Tudo Menos Economia

Por

Bagão Félix, Francisco Louçã e Ricardo Cabral

António Bagão Félix

24 de Maio de 2015, 08:45

Por

Jacarandás, de volta

jacaranda 2Domingo de Maio em Lisboa, de novo engalanada pela exuberância dos cachos de flores dos Jacarandás (Jacaranda mimosifolia, D.Don). O azul violáceo das panículas trombetadas surge em todo o seu esplendor por cima do castanho dos ramos desengonçados que lhes dão maternidade. Uma das suas mais fulgentes manifestações da natureza arbórea.

Uma árvore com uma vivência anual algo estranha para Portugal. Não segue a regra geral de se desnudar no Inverno. No entanto, é caducifólia (ou quase) como a maioria das árvores companheiras de parques e ruas mas, ao contrário destas, não perde as folhas a partir do Outono, mas mais lá para a frente. Aliás, não chega a ficar completamente sem folhas. Por isso, se diz que tem folhas marcescentes, o que significa que não se soltam dos ramos quando estiolam e secam, mas quando surge a nova rebentação.

O nome jacarandá é já de si musical, quase bachiano, com a sonoridade polifónica das sílabas provindas dos índios tupi.

As flores perfumadas formam tapetes à volta do perímetro da copa, sempre irregular. Pela sua textura viscosa, há quem, menos sensível à bela prodigalidade, fique incomodado pelos passeios e automóveis se cobrirem das flores após a inevitável despedida.

Em Lisboa, nas Avenidas Novas, na Rua Castilho, na Avenida D. Carlos ou no parque Eduardo VII – só para citar as artérias mais sortudas – podemos observar a notável síntese entre a árvore isolada e o conjunto. O resultado é maior do que a soma das parcelas e varia em função da luz de cada dia. Nas manhãs mais sombrias, surgem com uma cor mais intimista, numa junção singela com o tom mais ou menos plúmbeo do céu. Nos dias de sol luzidio e mediterrânico de uma Lisboa meia arabizada sobressaem os tons de pigmentos mais azuis do que os de magenta. É o triplo holismo da passagem de uma das suas flores para o conjunto de uma inflorescência, de todas as inflorescências para a árvore e de cada uma destas para o conjunto das árvores.

O jacarandá é, também, um bom exercício para a difícil distinção das cores entre o azul e o vermelho. As suas corolas bilabiadas são para uns mais roxas, para outros mais púrpura, violeta, lilás, magenta e até essa cor estranha de índigo.

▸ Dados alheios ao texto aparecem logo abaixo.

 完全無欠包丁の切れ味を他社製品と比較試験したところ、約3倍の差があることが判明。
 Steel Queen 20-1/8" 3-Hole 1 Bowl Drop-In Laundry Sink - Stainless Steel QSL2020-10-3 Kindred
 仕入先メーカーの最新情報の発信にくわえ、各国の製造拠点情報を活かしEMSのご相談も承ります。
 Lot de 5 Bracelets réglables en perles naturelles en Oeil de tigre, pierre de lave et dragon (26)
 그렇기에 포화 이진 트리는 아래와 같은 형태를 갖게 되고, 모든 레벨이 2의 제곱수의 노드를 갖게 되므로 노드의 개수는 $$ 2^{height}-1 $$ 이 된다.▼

Na África do Sul, o jacarandá é considerado uma árvore nacional. Em Pretória, é vista aos milhares pelas artérias, parques e jardins. O tempo de floração coincide, nesta cidade, com o período universitário de exames, dando origem a uma curiosa tradição: sempre que uma flor cai em cima da cabeça de um estudante, certo é que passará nos seus exames. Infelizmente, nem sempre se concretiza esta lenda, mas a culpa, por certo, não é da árvore…

jacaranda 3Os frutos – cápsulas, verdes de início – amadurecem e secam em tons de castanho. No Outono, porque deiscentes, abrem-se como um bivalve e deixam cair em suaves e alegres movimentos as minúsculas e numerosas sementes cor de café, com asas membranosas. Têm uma forma imperfeitamente oval e uma textura algo carnosa e lenhosa, ainda que achatada. Fazem lembrar as conchas em Portugal, não fossemos nós um país de mar pela terra dentro. Em Espanha, a associação faz-se com as castanholas e, em França, com as ostras.

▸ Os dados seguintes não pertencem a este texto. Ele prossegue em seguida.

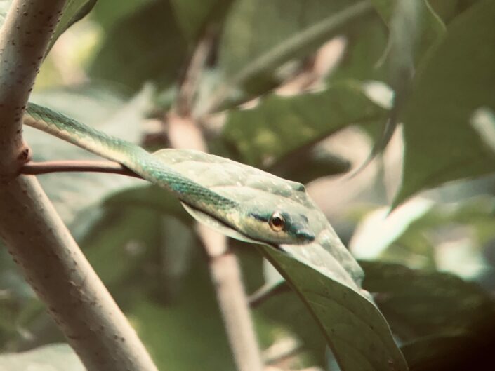 Vi gik videre ud i junglen ud til en kakaoplantage, hvor vi smagte på de frugter som senere bliver til kakao. Det var lidt overraskende, at se. Rundt om kakaobønnerne er der noget hvidt stads a’la frugtkød som smager himmelsk – og det findes både i en sød og syrlig udgave.
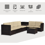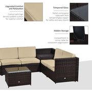 Make the most of the warm weather with this eight-piece garden rattan furniture set from Outsunny. Its open design is also great for combining two or more sets together in your cafe, restaurant or business to allow you to cater to larger seating numbers and expanding your outside business revenue. Finished with a hidden storage compartment in the corner table, you'll never leave the area in a mess, making it ideal for those with busy lifestyles and little time to spare.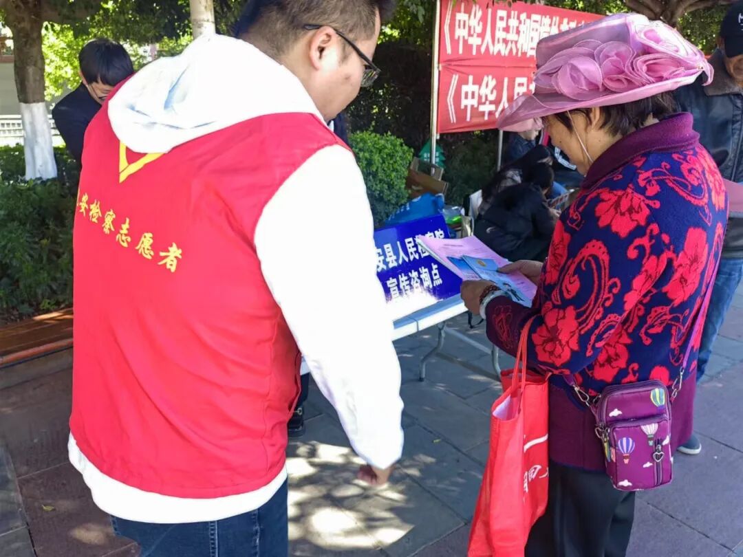 12月4日下午,县检察院组织干警到梅葛广场参加姚安县2024年国际志愿者日系列活动启动仪式。依托“12.4国家宪法日”宣传活动,干警纷纷变身为“普法摊主”,通过发放宣传资料、法律政策解读、现场咨询等方式,向群众进行普法宣传,引导群众尊崇宪法、学习宪法、遵守宪法、维护宪法、运用宪法,努力使尊法学法守法用法在全社会蔚然成风。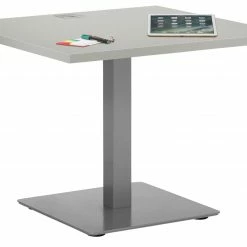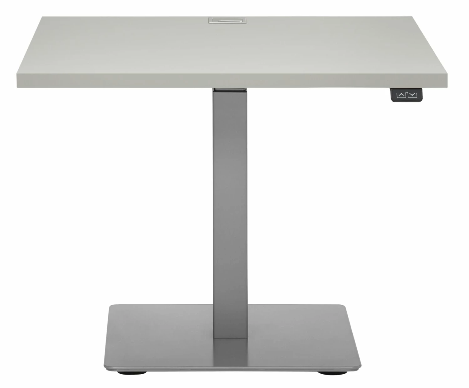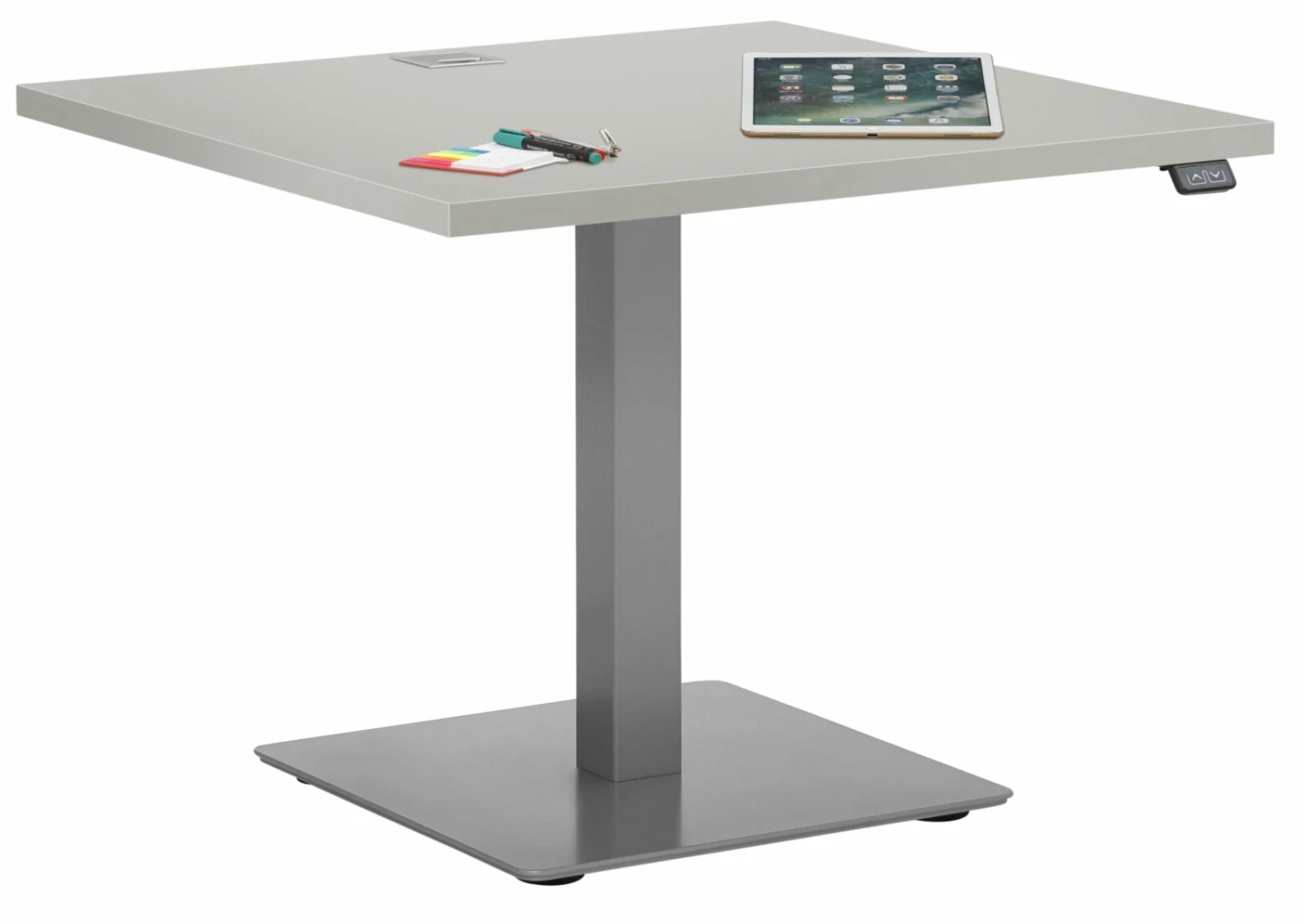 Der höhenverstellbare Schreibtisch in Platingrau mit einem Gestell aus Metall hat eine kompakte Größe von etwa 80 x 80 Zentimetern und eignet sich nicht nur als hervorragende kleine Einzellösung, sondern auch als Ergänzungstisch an großen Schreibtischen. Durch eine stufenlose Höhenverstellung ist das Arbeiten an diesen Schreibtischen besonders ergonomisch und individuell anpassbar.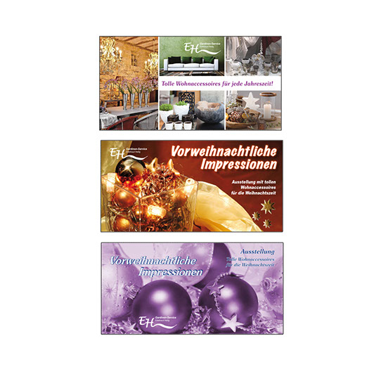 Zeitungsanzeige, Einladungs-Postkarte, Klappflyer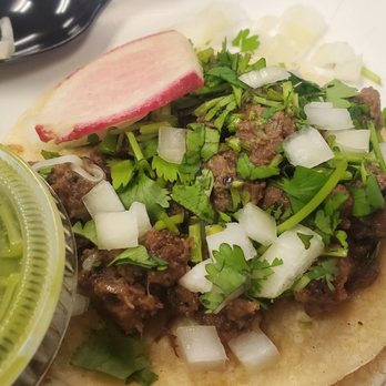 Filling tacos. A bit larger than I originally expected, but makes sense given the price point. Menu confused me a bit as the meat prices seem misleading. While it says (add 50c) next to shredded beef and (add $1.00) next to tripa, it's actually saying all the meats cost extra. So one taco is $3.39 for the tortilla, cilantro, onion, and radish before you're charged for meat. I didn't like that part as the taco description mentions your choice of meat.

Eugénio de Andrade haveria de escrever sobre o exotismo desta árvore sul-americana: “nesta Lisboa, onde mansos e lisos os dias passam a ver as gaivotas, e a cor dos jacarandás floridos se mistura à do Tejo, em flor também”.

Aproveitemos o acolhimento de cores, perfumes e movimentos dos jacarandás, entre a memória do ano pretérito e a saudade para o ano vindouro.